その名は

聖書: マタイによる福音書 1章 22節~25節

2020年12月6日(日): 待降節第2主日礼拝・アドベント説教

 「マリアはヨセフと婚約していたが、二人が一緒になる前に、聖霊によって身ごもっていることが明らかになった(1:18)」。婚約中の二人にとって、あまりに大きな衝撃でした。「ヨセフは正しい人であったので、マリアのことを表ざたにするのを望まず、ひそかに縁を切ろうと決心した(1:19)」。それは、ヨセフの優しさだったのかもしれません。
 ただこのとき、一番に求められたのは、優しさだったのでしょうか。「ダビデの子ヨセフ、恐れず妻マリアを迎え入れなさい(1:20)」。「その子をイエスと名付けなさい(1:21)」。恐れず共にあるために、一番に求められたのは、その名の確かさに頼ることです。「見よ、おとめが身ごもって男の子を産む。その名はインマヌエルと呼ばれる(1:23)」。

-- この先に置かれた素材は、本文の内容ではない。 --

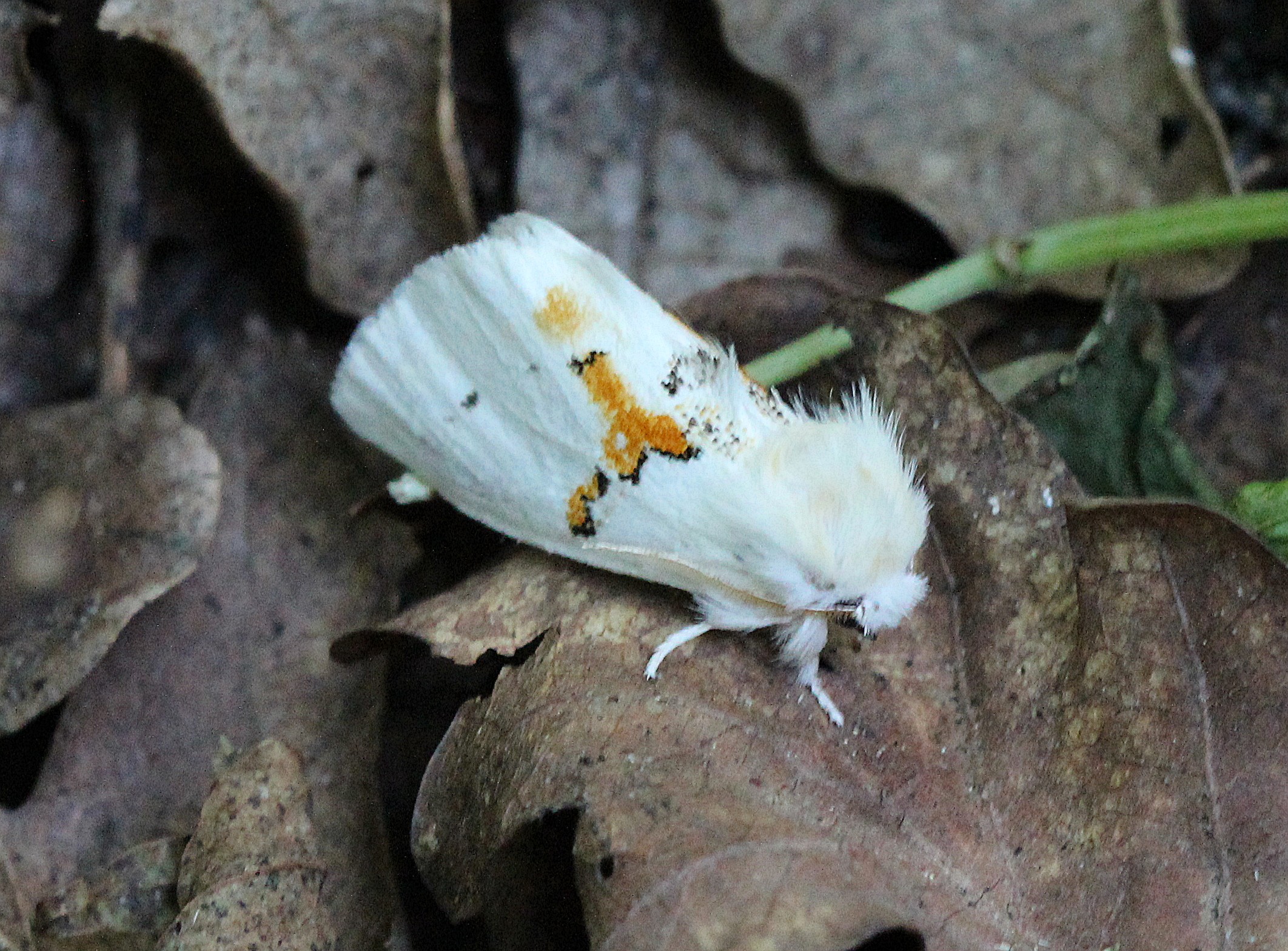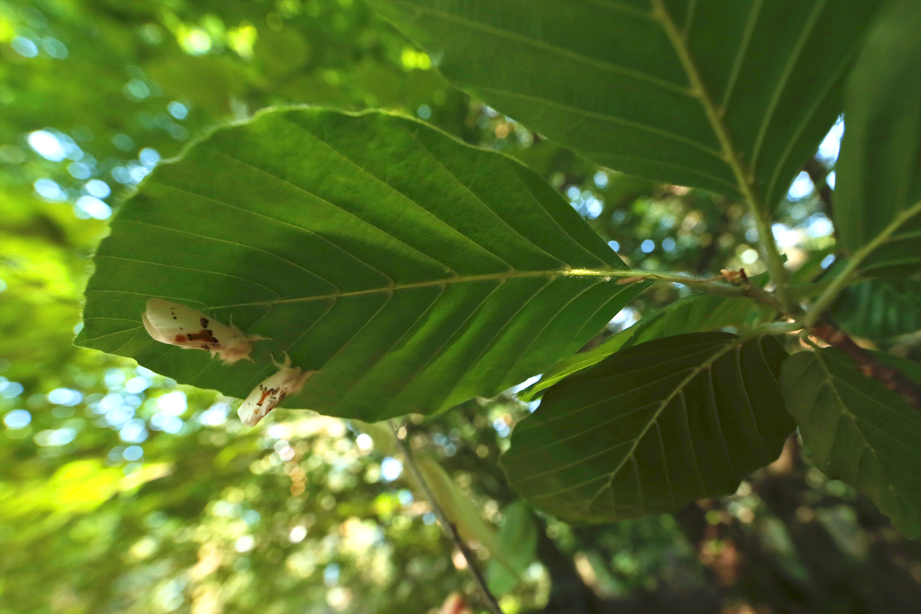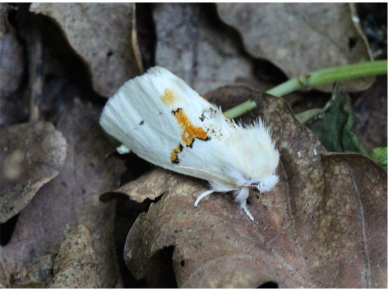 Schneeweißer Zahnspinner (Leucodonta bicoloria) 2 Exemplare,; gefunden in altem Laubwaldbestand des Bockwitz Waldes bei Borna LK Leipzig zwischen Eichenblättern unterm Baum, Juli 2014

 紀元前のこと、ユダの王アハズは、レツィンとペカの連合軍に対抗するために、北の大国アッシリアに頼ろうとしました。ただこのとき、一番に求められたのは、神に頼ることでした。しかしアハズ王は、預言者イザヤの忠告を聞かず、アッシリアに頼って勝利を得ました。ただそれも束の間、今度はアッシリアによって攻め込まれてしまいました。

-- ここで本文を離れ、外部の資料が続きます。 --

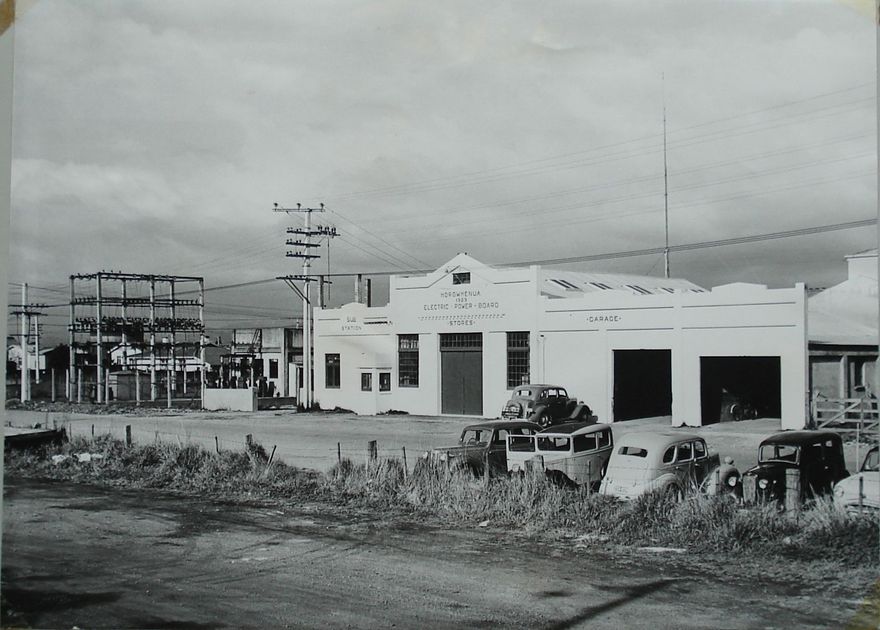 Changes since 1932 photos taken - Additional garage added at right. Sub-station equipment moved to separate area at left with additional building for switch equipment (weathering of this building indicates it was built several years before this photo taken). Additional building has extended the rear of the main building. Communications mast erected at rear of the rear of the main building. Front of the main building has been cleaned & repainted. Concrete power poles have replaced the wooden poles.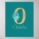 Fancy Gold & Aqua Floral Letter O Wall Print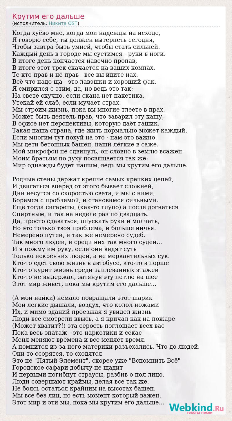 Когда хуёво мне, когда мои надежды на исходе, Я говорю себе, ты должен вытерпеть сегодня, Чтобы завтра быть умней, чтобы стать сильней. Каждый день в городе мы суетимся - руки в ноги. В итоге день кончается навечно пропав, В итоге этот трек скачается на ваших компах. Те кто прав и не прав - все вы идите нах. Всё что надо ща - это лавэшки и хороший фак. Я смирился с этим, да, но ведь это так: На свете скучно, если скана нет пакетика. Утекай ей слаб, если мучает страх. Мы строим жизнь, пока вы многие тлеете в прах. Может быть деятель прав, что заварил эту кашу, В офисе нет перспективы, которую даёт гашик. Такая наша страна, где жить нормально может каждый, Если многим тут похуй на это - нам это важно. Мы дети бетонных башен, наши лёгкие в саже. Мой микрофон не сдвинуть, он словно в землю всажен. Моим братьям по духу посвящается так же: Мир однажды будет нашим, ведь мы крутим его дальше. Родные стены держат крепче самых крепких цепей, И двигаться вперёд от этого бывает сложней, Дни несутся со скоростью света, и мы с ними, Боремся с проблемой, и становимся сильными. Ещё тогда сигареты, (как-то глупо) а после догнаться Спиртным, и так на неделе раз по двадцать. Да, просто сдаваться, опускать руки и молчать, Но это только твоя проблема, и больше ничья. Немерено путей, и так же немерено судеб. Так много людей, и среди них так много судей... И я пожму им руку, если они видят суть Только искренних людей, а не меркантильных сук. Кто-то едет свою жизнь в автобусе, кто-то в порше Кто-то курит жизнь среди заплеванных этажей Кто-то не выдержал, затянув эту петлю на шее Этот мир живет, пока мы крутим его дальше... (А мои найки) немало повращали этот шарик Мои легкие дышали, воздух, что колол ножами Их, и мимо зданий проезжая я увидел жизнь Люди все смотрели ввысь, а я кричал как на пожаре (Может хватит?!) эта серость поглощает всех вас Пока весь эпатаж - это наркотики и секас Меня меняют времена и все меняет время. А помнится из-за него материки разъехались. Что до людей. Они то ссорятся, то сходятся Это не "Пятый Элемент", скорее уже "Вспомнить Всё" Городское сафари добычу не щадит И первыми погибнут страусы, разбив о пол лицо. Люди совершают краймы, делая все так же. Не боясь остаться крайним на высотах башен. Мы все без лиц, но есть момент который важен, Этот мир и эти мы, пока мы крутим его дальше...

 これが、人の力に頼った結果ではないか。700年のときを経て、イザヤの言葉が、ヨセフの脳裏を駆け巡ります。今こそ、インマヌエルの神に頼るときです。ヨセフは、長い眠りから覚めて、マリアとその子を迎え入れました。神はいつも、一番よいものをくださいます。共にあるために、一番大切な独り子を送ってくださいました。その名の確かさに、頼るものでありたい。